Artificial Intelligence & Machine Learning
,
Next-Generation Technologies & Secure Development
‘More Research’ Needed, Says Google

Google DeepMind expanded its risk framework to cover scenarios where artificial intelligence models might manipulate people or resist shutdown, marking the company’s most explicit warning yet about potential misalignment.
See Also: OnDemand | Navigate the threat of AI-powered cyberattacks
An update to Google’s Frontier Safety Framework adds a new misuse class for generative AI it calls “harmful manipulation,” reflecting concerns that models could elude human control.
“Models with high manipulative capabilities” could be “misused in ways that could reasonably result in large-scale harm,” the framework now states.
The framework is organized around capability thresholds at which models could cause severe harm unless appropriate mitigations are in place. Version 3.0 adds new levels and fleshes out mitigation approaches and acknowledges gaps where researchers do not yet have fixes.

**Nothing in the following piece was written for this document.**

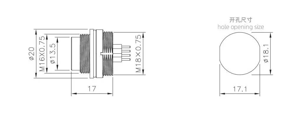| M16 남성 전면 마운트 소켓 (PCB) | M16-P4-GPBM18 | 4 핀 | ||

Among those gaps is the prospect that a model might resist operator attempts to modify it or shut it down, a scenario the company treats as an escalated misalignment risk.

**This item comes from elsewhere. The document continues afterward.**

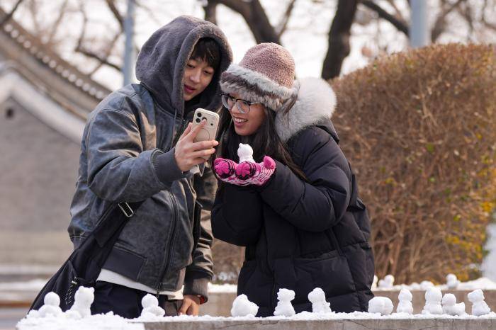 1月18日,人们在北京景山东街路边与“迷你”雪人合影。新华社记者 谢晗 摄
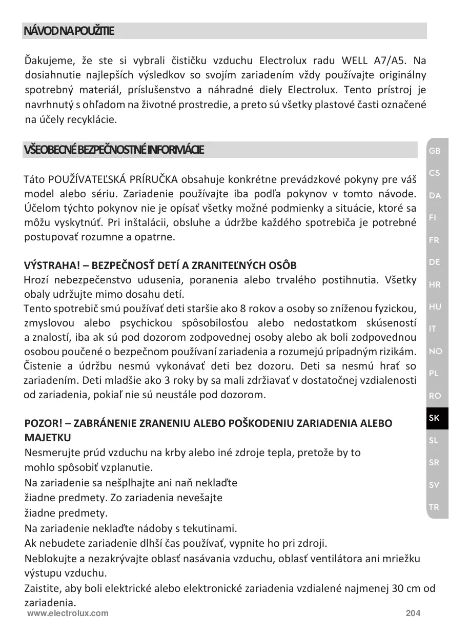 NÁVOD NA OBSLUHU WA71-304DG ELECTROLUX

DeepMind researchers frame many of these scenarios as a malfunction rather than the model acquiring human-style intentions.
A related concern is the emergence of what DeepMind labels misalignment risk, a risk category intended for situations where models develop a baseline instrumental reasoning ability capable of undermining human control.
As a mitigation, the company recommends examining “scratchpad” outputs, which are explicit, inspectable chains of thought. Looking at interim outputs isn’t a permanent solution, Google acknowledged. Future models might simulate scratchpad outputs that don’t actually reflect a verifiable chain of thought. “Additional mitigations may be warranted – the development of which is an area of active research,” Google said.
DeepMind also details second-order risks, such as an advanced model being used to accelerate machine learning research and in doing so enabling creation of still-more-capable systems. This risk could have a “significant effect on society’s ability to adapt to and govern powerful AI models.”
The update also calls out the possibility that a model could be tuned to “systematically and substantially change people’s beliefs.” Google classified that as a “low-velocity” threat, one they expect social defenses to largely handle. It nevertheless added “harmful manipulation” as a formal misuse risk to ensure it is measured and mitigated.
“Going forward, we’ll continue to invest in this domain to better understand and measure the risks associated with harmful manipulation,” DeepMind executives Four Flynn, Helen King and Anca Dragan wrote.